Digital Cinema Destinations Corp.

250 East Broad Street

Westfield, NJ 07090

Attn: A. Dale Mayo

 

  Re: Carmike/Digiplex Merger

Ladies and Gentlemen:

We have acted as counsel to Digital Cinema Destinations Corp., a Delaware corporation (“Digiplex”), in connection with the Agreement and Plan of Merger dated as of May 15, 2014 (the “Merger Agreement”), by and among Digiplex, Carmike Cinemas, Inc., a Delaware corporation (“Carmike”) and Badlands Acquisition Corporation, a Delaware corporation and a wholly-owned subsidiary of Carmike (“Merger Sub”), pursuant to which Merger Sub shall be merged with and into Digiplex with Digiplex as the surviving corporation (the “Merger”) on the terms and conditions set forth therein.

For purposes of this letter, capitalized terms used and not otherwise defined herein shall have the meanings ascribed thereto in the Merger Agreement.

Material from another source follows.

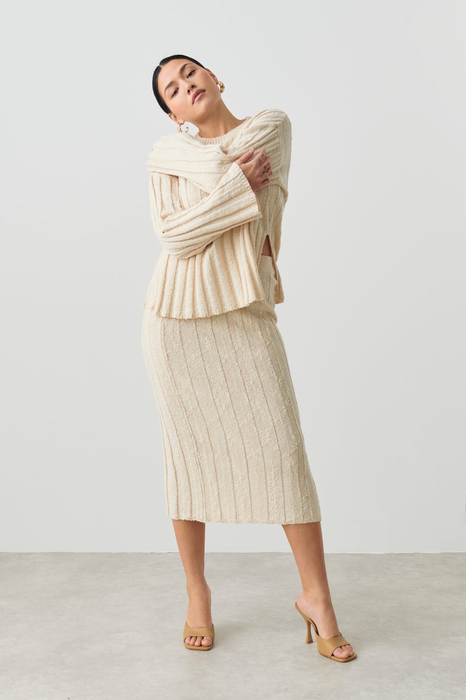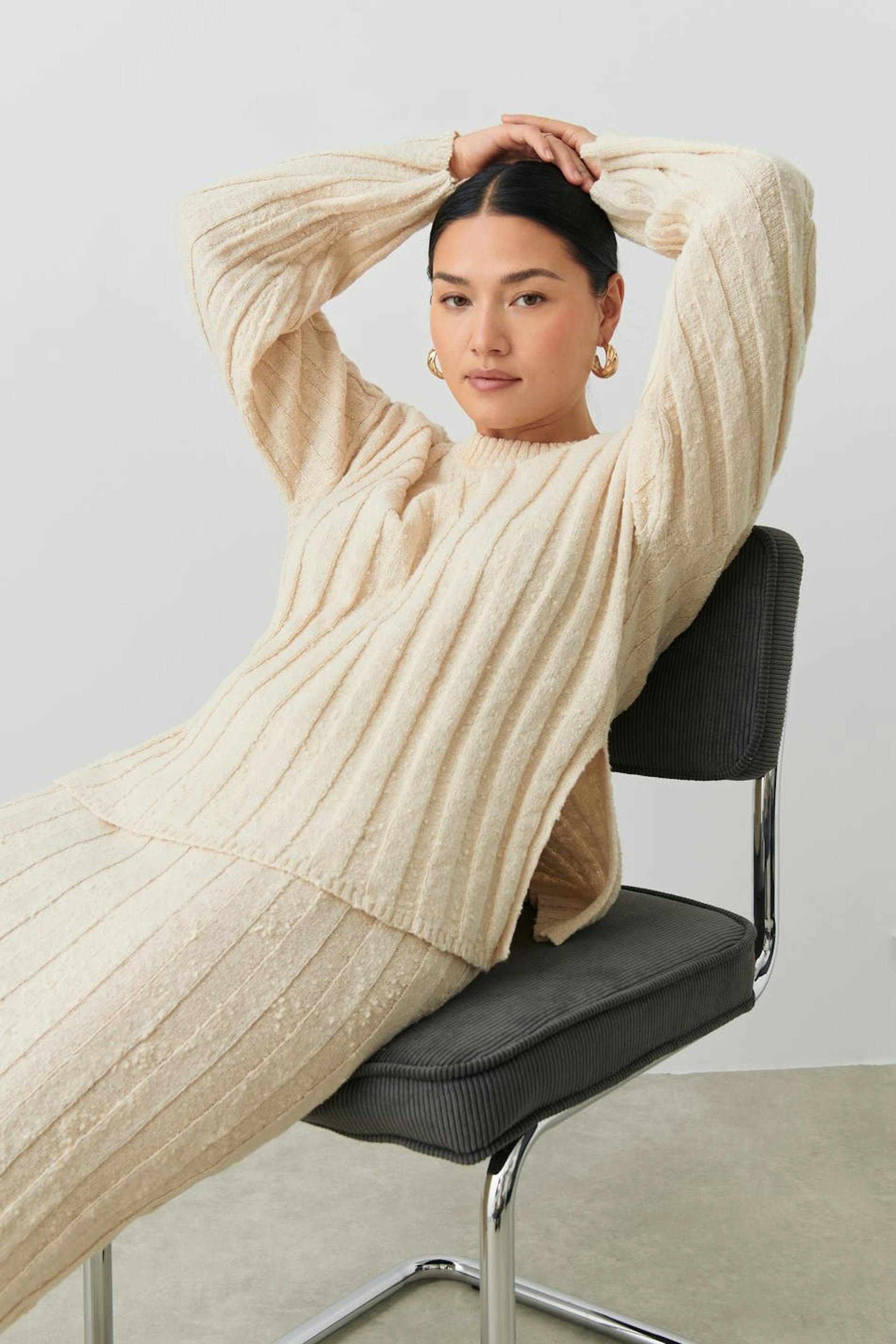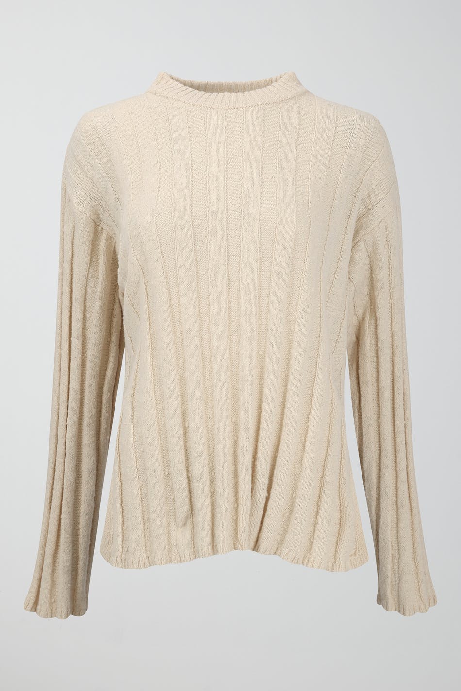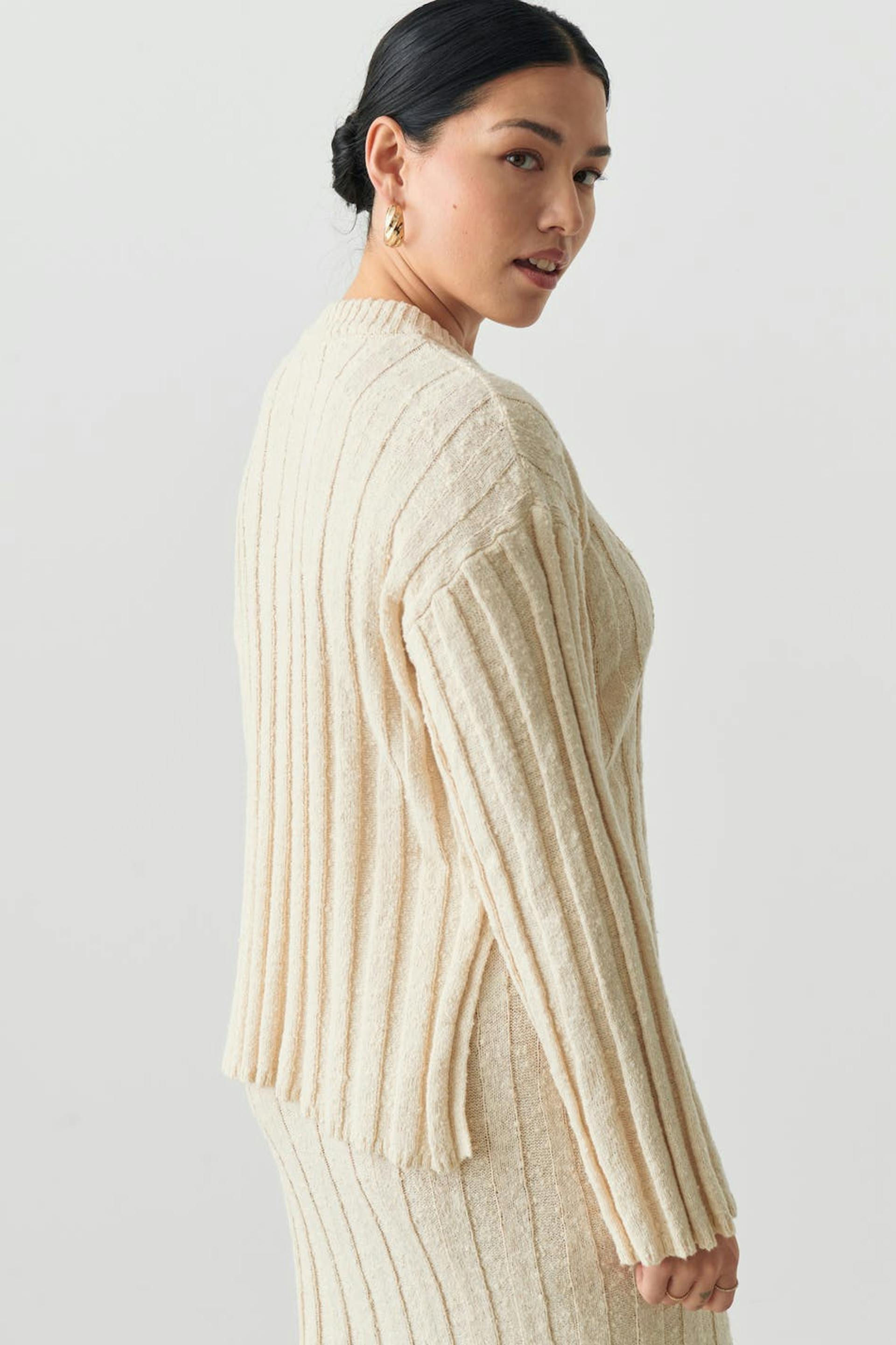 Gestrickter Pullover mit breiter Rippe. Der Pullover ist beige und hat Schlitz in den Seiten. Er hat Rundhalsausschnitt und lange Ärmel.

In rendering our opinion, we have examined such documents as we have deemed appropriate, including (i) the Merger Agreement, (ii) the Registration Statement on Form S-4 (the “Registration Statement”) filed by Carmike with the Securities and Exchange Commission (the “Commission”) under the Securities Act of 1933, as amended (the “Securities Act”), relating to the proposed Merger, and (iii) the representation letters of Digiplex and Carmike (together with Merger Sub) delivered to us for purposes of this opinion (the “Representation Letters”), containing representations about factual matters relating to the proposed Merger. In addition, we have examined, and have relied as to matters of fact upon, originals or copies, certified or otherwise identified to our satisfaction, of such corporate records, agreements, documents, and other instruments and have made such other inquiries as we have deemed necessary or appropriate to enable us to render the opinion set forth below. In such examination, we have assumed the genuineness of all signatures, the legal capacity of natural persons, the authenticity of all documents submitted to us as originals, the conformity to original documents of all documents submitted to us as duplicates or certified or conformed copies, and the authenticity of the originals of such latter documents. We have not, however, undertaken any independent investigation of any factual matter set forth in any of the foregoing.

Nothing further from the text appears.